This change is the linchpin of the token provider architecture. Instead of directly accessing $this->token, the code now calls getAuthToken() which returns the provider's token if one is configured, otherwise falls back to the static token. This enables automatic token refresh through providers like EKS or OpenShift OAuth.

190-220: callWithToken() is correctly implemented with appropriate caveats.

The method does what it says on the tin: temporarily swaps in a specific token, makes the call, then restores the original state. The docblock warning about async unsafety is accurate—PHP's standard request model is synchronous, but anyone using ReactPHP or similar should take note.

The public visibility is required since ServiceAccountTokenProvider calls this on an external KubernetesCluster instance, not from within the class hierarchy. This was already hashed out in previous review rounds.

src/Auth/TokenProvider.php (1)

19-26: Lazy refresh pattern in getToken() is correct.

The method refreshes when the token is null or expired, then returns the (now-fresh) token. This ensures callers always get a valid token without needing to manage refresh timing themselves.

src/Auth/ExecCredentialProvider.php (3)

24-40: Constructor correctly parses Kubernetes exec credential config.

The constructor handles the kubeconfig exec structure properly: extracting command, args, apiVersion, installHint, provideClusterInfo, and the name/value env array format. The fallback for apiVersion to client.authentication.k8s.io/v1 matches current Kubernetes defaults.

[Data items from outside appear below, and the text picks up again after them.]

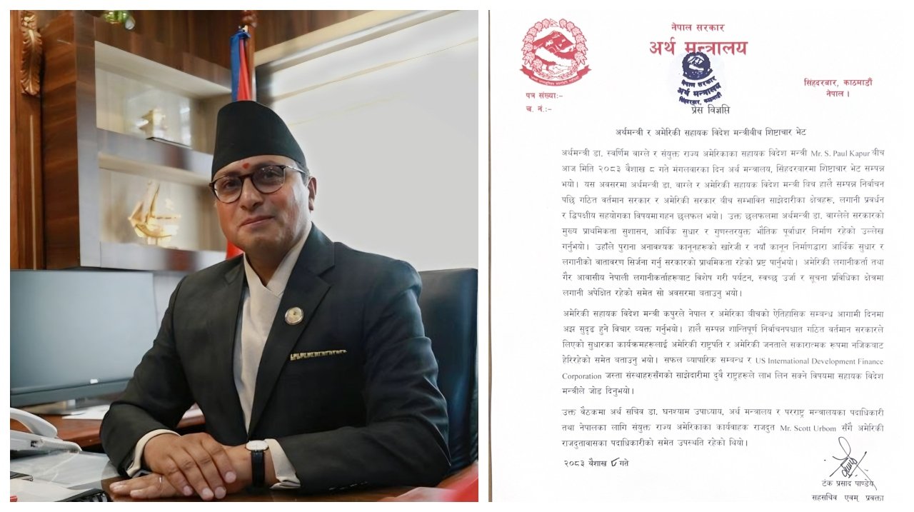 काठमाडौँ, ८ वैशाख : अर्थमन्त्री डा स्वर्णिम वाग्लेसँग संयुक्त राज्य अमेरिकाका सहायक विदेशमन्त्री एसपल कुपरले शिष्टाचार भेटवार्ता गर्नुभएको छ ।
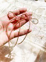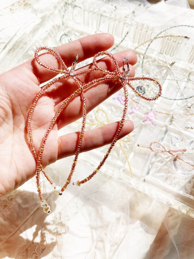 Each pair of hand beaded bow earrings is on a sterling silver plated earring clasp and features rose quarts and freshwater pearl beads.
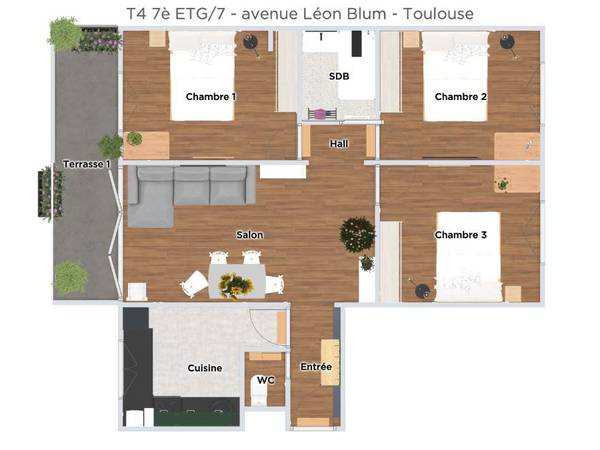 L’appartement jouxte le nouvel éco-Quartier Guillaumet (Associations sportives, salles de Gym) et le parc de l’observatoire à 5 min à pieds de la résidence.
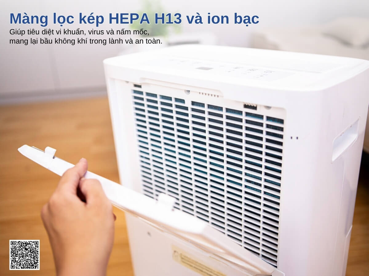 Màng lọc kép HEPA H13 và ion bạc diệt khuẩn hiệu quả
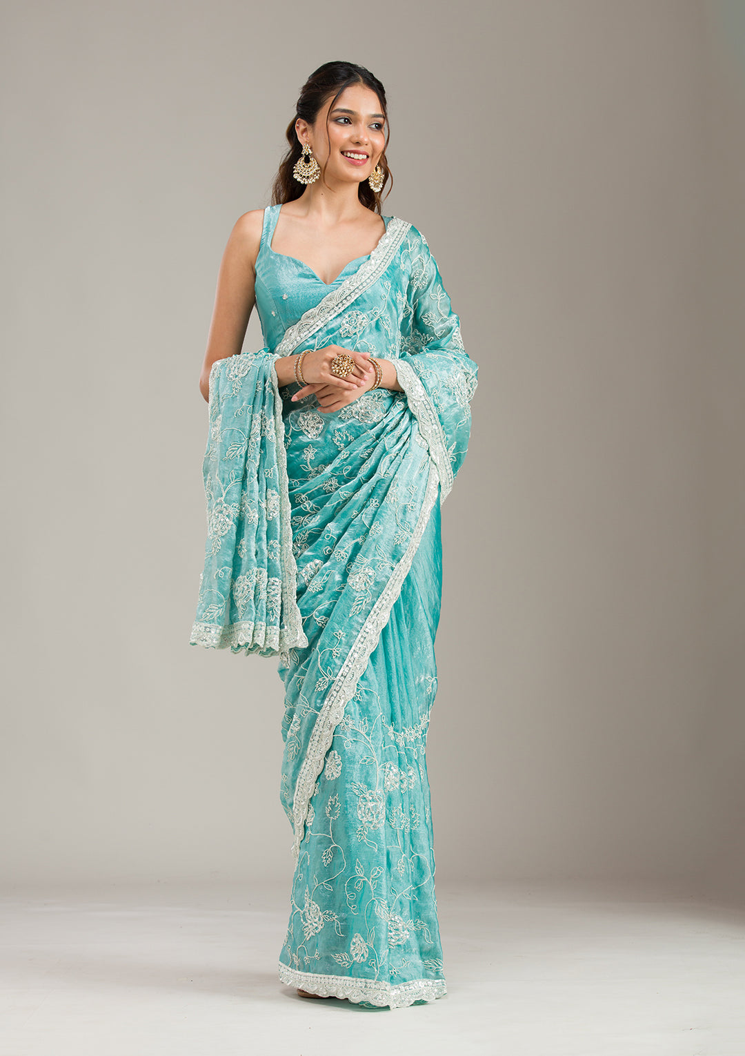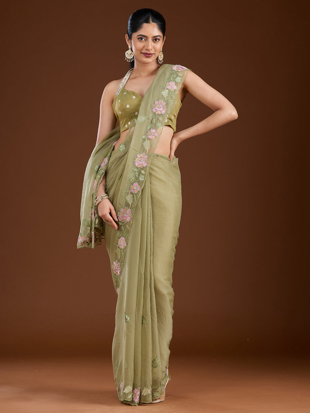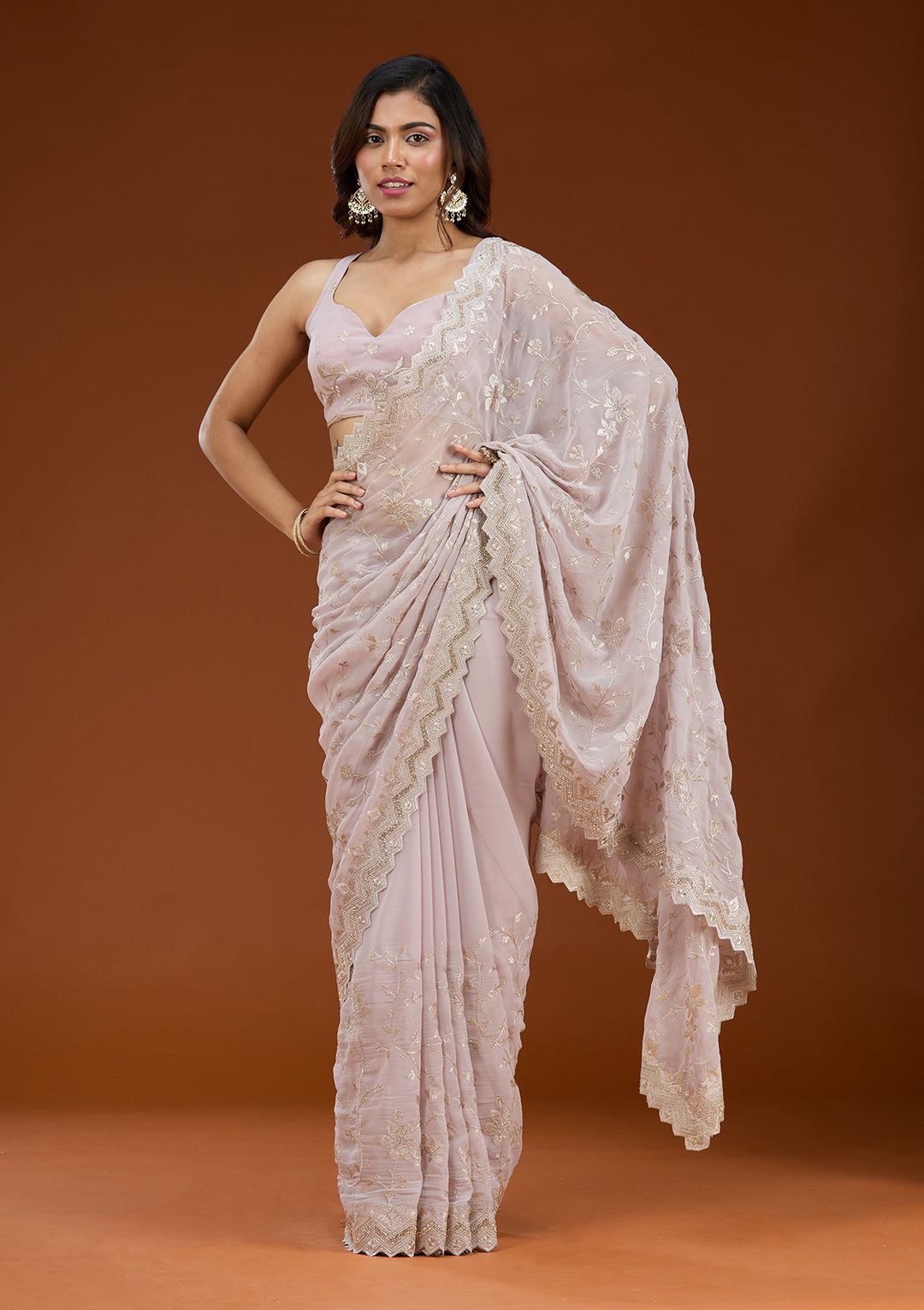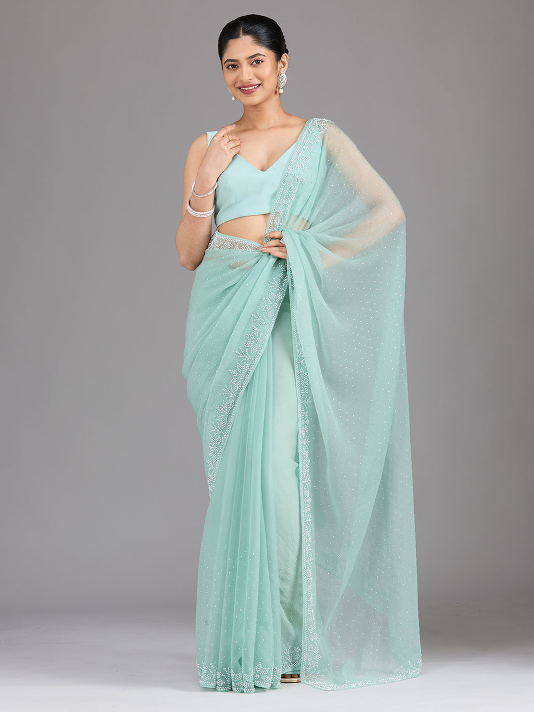 Select this gorgeous, lightweight, flowy fabric for a summer saree look and embrace the utmost comfort effortlessly. Our georgette sarees are adorned with minimal stone and sequin work, offering you a dazzling glow while maintaining comfort.

49-84: refresh() correctly implements Kubernetes exec credential protocol.

The command execution properly escapes arguments, merges environment variables (intentionally including AWS credentials for EKS support), and sets KUBERNETES_EXEC_INFO when provideClusterInfo is enabled. The error handling includes the optional installHint for user-friendly guidance.

The full environment merge was discussed in prior reviews—it's intentional to support exec providers that rely on ambient credentials (AWS, GCP, etc.).

86-113: JSON parsing with proper error handling—fixed as requested.

The JSON_THROW_ON_ERROR flag with try/catch cleanly separates JSON parse failures from missing token fields. Including a truncated output snippet in the error message aids debugging without flooding logs with potentially large credential outputs.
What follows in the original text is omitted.